Real performance numbers
Every screening algorithm is validated on independent datasets across multiple sources, devices, and patient populations. All metrics are reported with 95% confidence intervals.
| Condition | Modality | AUC-ROC | Sensitivity | Specificity | 95% CI (AUC) |
|---|---|---|---|---|---|
| Diabetic Retinopathy | Fundus | 0.949 | 90.1% | 82.8% | 0.938–0.960 |
| Glaucoma | Fundus | 0.979 | 93.0% | 94.0% | 0.972–0.985 |
| Hypertensive Retinopathy | Fundus | 0.968 | 93.7% | 89.1% | 0.956–0.978 |
| AMD & DME | OCT | 0.999 | 99.2% | 99.4% | 0.999–1.000 |
All metrics validated on held-out external datasets not used during model training.
Validation Methodology
How we ensure our screening models perform reliably across real-world clinical environments.
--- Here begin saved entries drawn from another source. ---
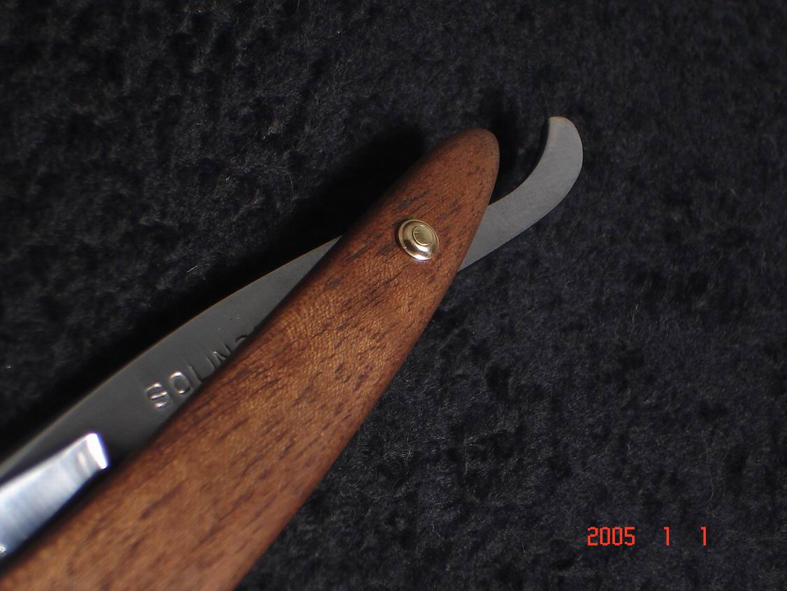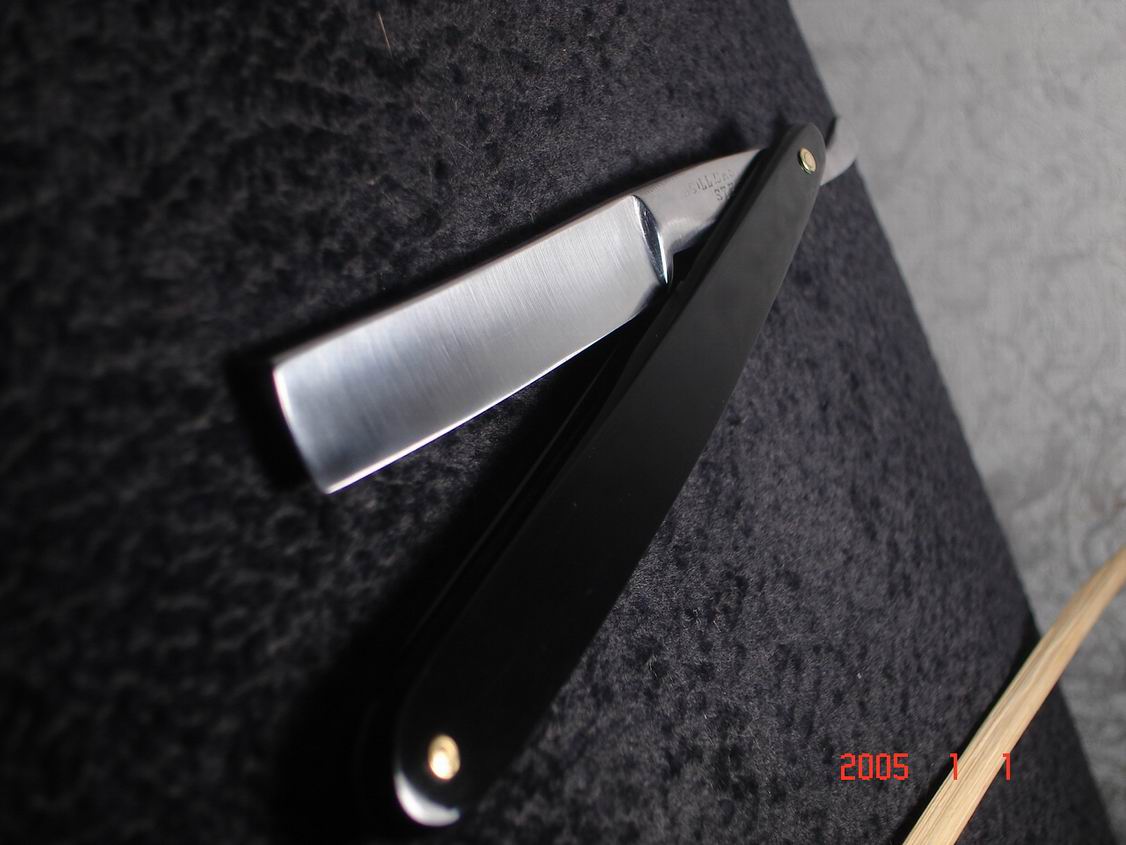 Скорее всего бритва в пользовании не была ,заводская шлифовка , бритва была разобрана , отполирована , ручка восстановлена , дополнил конструкцию шайбочками на осевом пине , что бы избежать трения ручки о полотно бритвы .
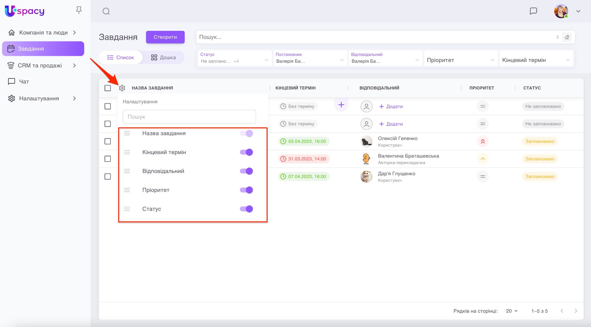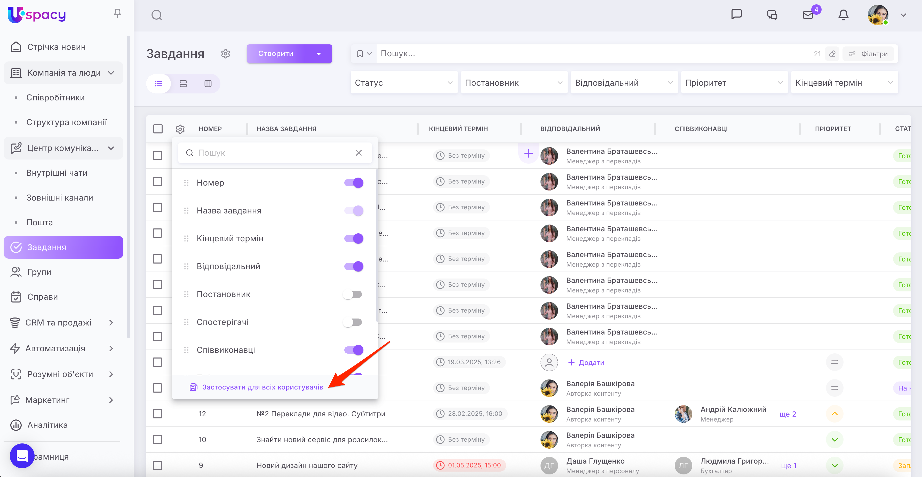🌟 Можливість налаштовувати колонки для списку завдань доступна лише на комерційних тарифах. Детальніше про можливості тарифних планів можна ознайомитися на окремій сторінці
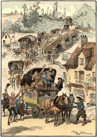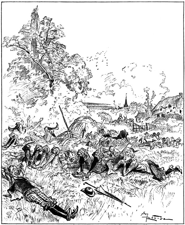 Les semaines passèrent vite dans ces délicieuses solitudes... Un jour vint cependant où elles furent envahies. C'était le commencement des vacances. Toutes les diligences du pays, toutes les carrioles, toutes les guimbardes roulaient chargées de gens pâles et fatigués, dont les têtes ballottaient sous les cahots des chemins. C'était l'arrivée annuelle des citadins lamentables venant chercher le repos et puiser de nouvelles forces dans le calme et la tranquillité des landes, l'arrivée de tous les énervés et de tous les surmenés, accourant se rejeter sur le sein de la bonne nature, haletants des luttes passées et heureux d'échapper pour quelque temps à la vie électrique.
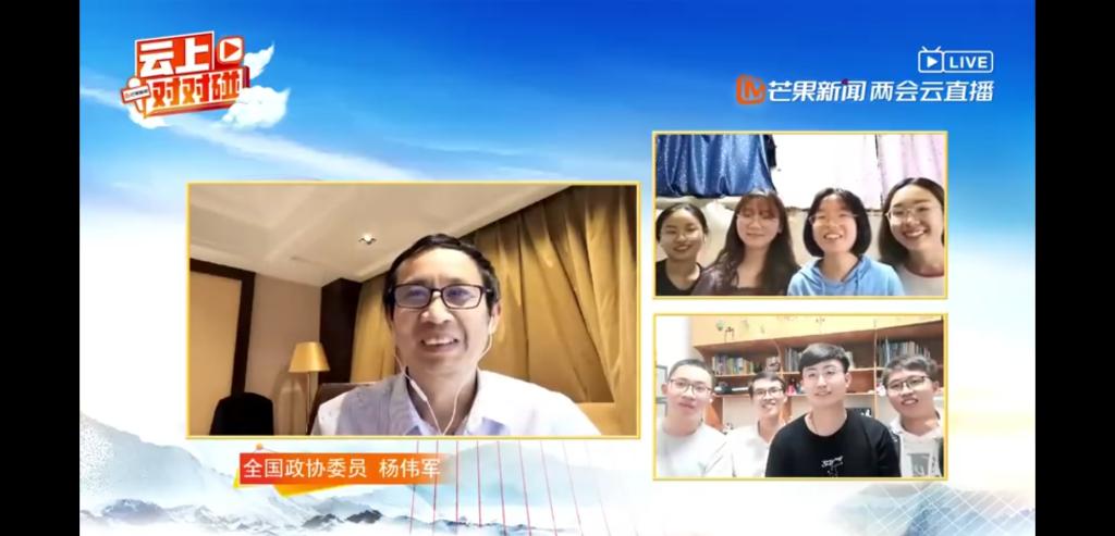 同学们先后进入直播间,并一一作了自我介绍。杨伟军表达了对同学们的想念和关心,向同学们介绍了此次“两会”的部分会议安排。
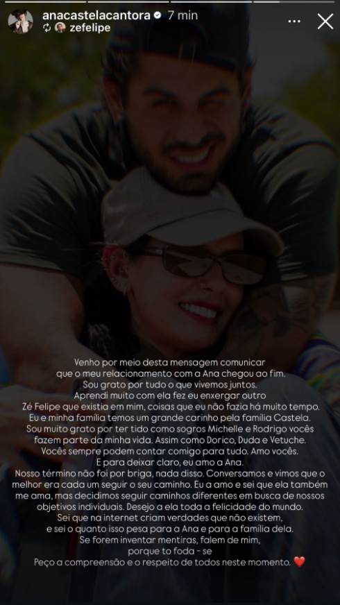 Nesta segunda-feira, 29, os cantores Ana Castela e Zé Felipe surpreenderam os fãs ao anunciarem o fim do relacionamento. A famosa Boiadeira confirmou o término após o sertanejo compartilhar a notícia nas redes sociais. O ex-casal estava junto desde outubro deste ano.

External Dataset Validation
All models are evaluated on independent, held-out datasets that were never seen during training. Across all conditions, RetGuard has been validated on 13 external datasets sourced from institutions across multiple countries, device manufacturers, and clinical settings.
Cross-Device Generalization
Screening performance is tested across images captured by different fundus cameras and OCT devices to ensure the models generalize beyond a single hardware platform. This is critical for deployment across diverse clinical environments.
Population Diversity
Validation datasets include patients across a range of ages, ethnicities, disease severities, and comorbidity profiles. This ensures the models perform equitably and do not degrade for underrepresented patient groups.
Clinical Robustness
Designed for real-world screening.
Model Design
Sensitivity-First Thresholds
Operating points are tuned to maximize sensitivity — ensuring at-risk patients are flagged for referral, even at the cost of slightly higher false positive rates.
Calibrated Confidence Scores
Every prediction includes a calibrated probability, not just a binary pass/fail. Clinicians see exactly how confident the model is for each condition.
Interpretability
Grad-CAM Evidence Maps
Each result includes visual heatmaps highlighting image regions clinicians can verify.
Multi-Condition Correlation
All five conditions are analyzed in a single pass, allowing the system to flag co-occurring conditions like DR alongside DME that are clinically expected together.
Safety & Reliability
Built-in safeguards that automatically flag suboptimal images and unusual inputs before they reach the screening algorithms.
Image Quality Assurance
Every image is automatically assessed for clinical gradability before analysis. Images that do not meet quality standards are flagged with clear guidance, prompting the operator to recapture and ensuring only reliable inputs proceed.
Input Validation
The system automatically identifies and flags inputs that fall outside its validated range. This prevents unreliable predictions and ensures clinicians are alerted whenever an image requires manual review.